------ SUPPLIED MATERIAL ------

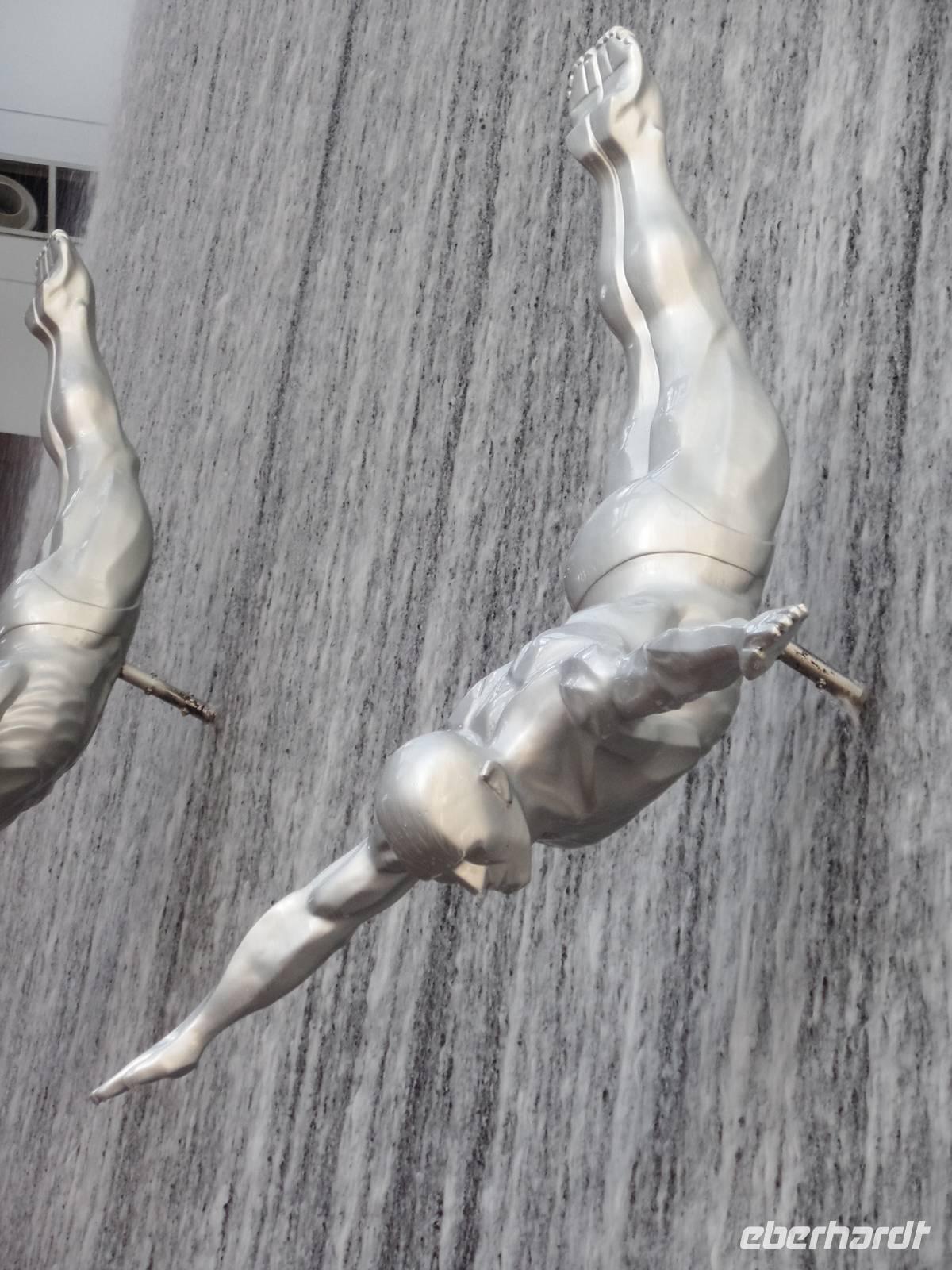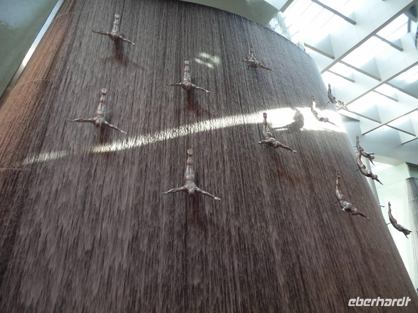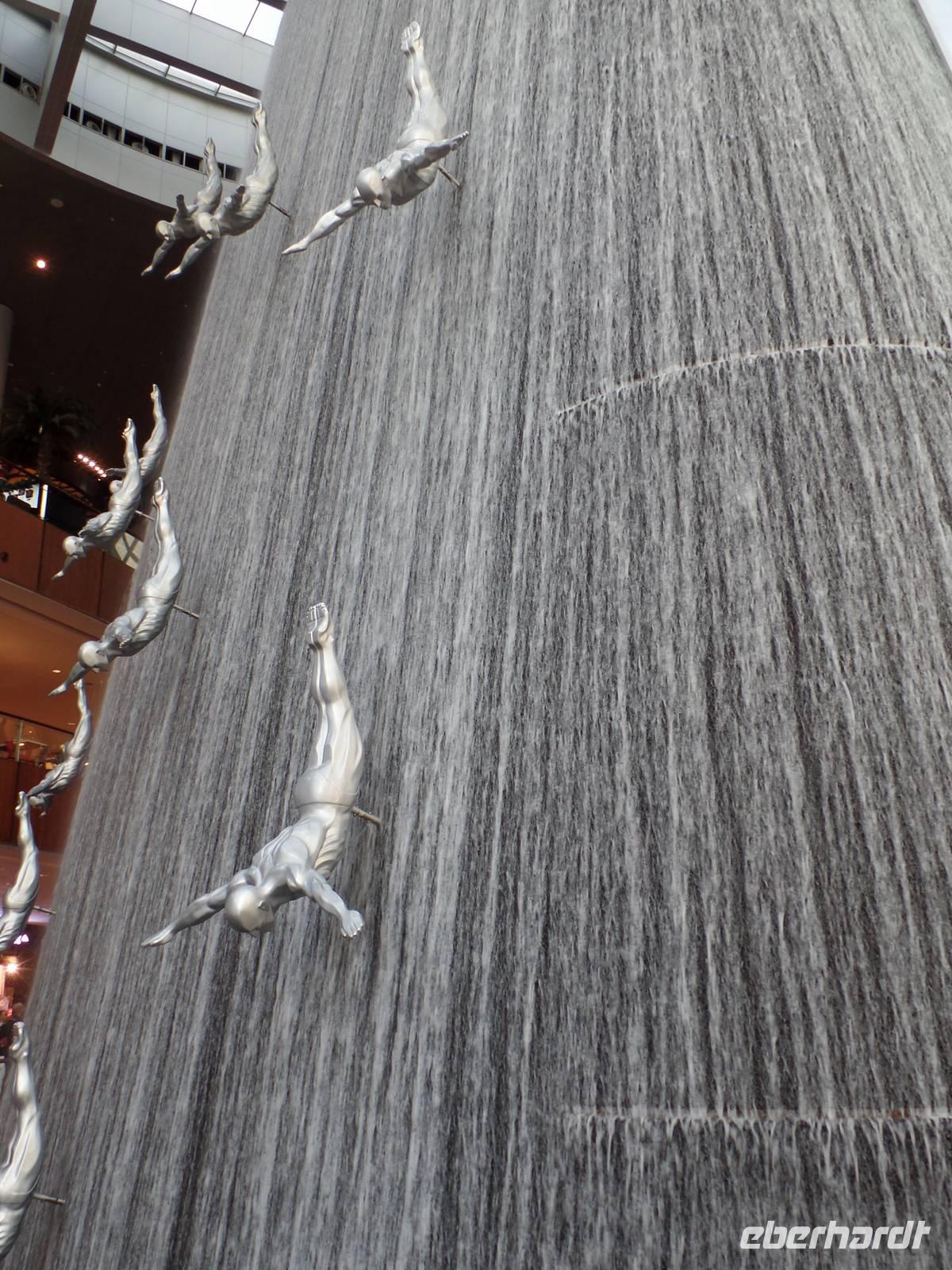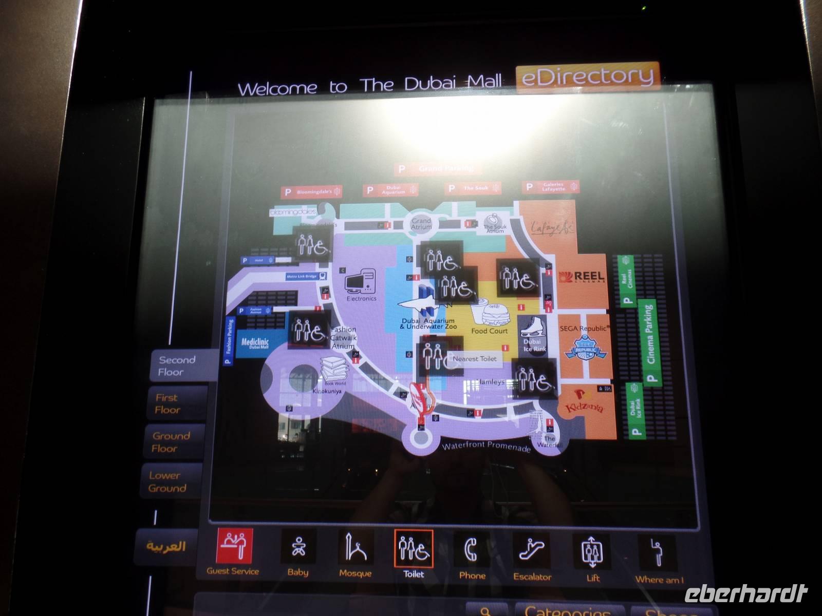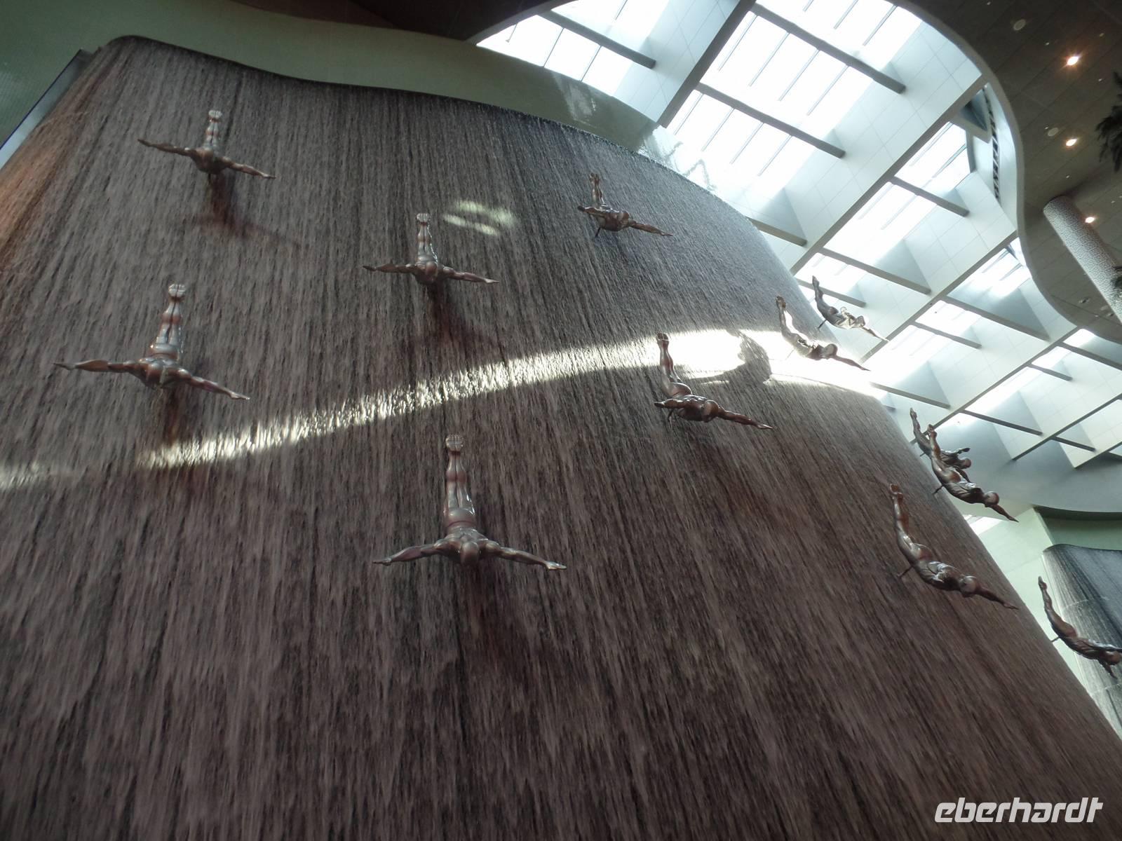 Ayleen führte uns schließlich noch ein wenig durch die Mall und zeigte uns besondere Stellen, die jeder Besucher gesehen haben sollte. Am Nachmittag kam dann wohl das Highlight des gesamten Tages. Die Auffahrt auf das höchste Gebäude der Welt. Mit seinen 828 Metern hat man das Gebäude schon aus dem Flieger erkennen können, doch wenn man direkt davor steht fühlt man sich erst recht winzig. Doch wir wollten hoch hinaus und so ging es nach langem Warten endlich in die 124. Etage. Der Fahrstuhl schoss uns regelrecht nach oben. Oben angekommen, erwartete uns ein atemberaubender Ausblick auf Dubai. Die Sonne war gerade dabei unterzugehen und s o konnten wir fantastische Aufnahmen machen. Bevor es zum Abendessen in die Twin Towers ging, erlebten wir noch eine herrliche Kombination aus Licht und Musik an der Dubai Fountain, direkt vor dem Burj Khalifa und der Dubai Mall. Und hier muss wirklich gesagt werden, wer einmal in die Dubai ist, muss dies unbedingt gesehen haben, es ist einfach wunderschön.
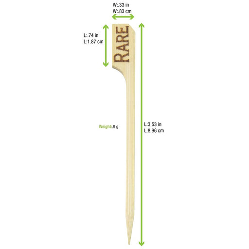 Pincho de bambú Teppo Gushi para carne con inscripción Rare (crudo) 90mm - 100Uds
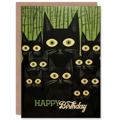 Artery8 Birthday Greeting Card Creepy Fun Black Cats For Him Her

------

**EXERCISE INSTRUCTIONS**. For each line above, output its wording exactly and leave out any picture.

**RESPONSE FOR THIS EXERCISE**.
 Ayleen führte uns schließlich noch ein wenig durch die Mall und zeigte uns besondere Stellen, die jeder Besucher gesehen haben sollte. Am Nachmittag kam dann wohl das Highlight des gesamten Tages. Die Auffahrt auf das höchste Gebäude der Welt. Mit seinen 828 Metern hat man das Gebäude schon aus dem Flieger erkennen können, doch wenn man direkt davor steht fühlt man sich erst recht winzig. Doch wir wollten hoch hinaus und so ging es nach langem Warten endlich in die 124. Etage. Der Fahrstuhl schoss uns regelrecht nach oben. Oben angekommen, erwartete uns ein atemberaubender Ausblick auf Dubai. Die Sonne war gerade dabei unterzugehen und s o konnten wir fantastische Aufnahmen machen. Bevor es zum Abendessen in die Twin Towers ging, erlebten wir noch eine herrliche Kombination aus Licht und Musik an der Dubai Fountain, direkt vor dem Burj Khalifa und der Dubai Mall. Und hier muss wirklich gesagt werden, wer einmal in die Dubai ist, muss dies unbedingt gesehen haben, es ist einfach wunderschön.
 Pincho de bambú Teppo Gushi para carne con inscripción Rare (crudo) 90mm - 100Uds
 Artery8 Birthday Greeting Card Creepy Fun Black Cats For Him Her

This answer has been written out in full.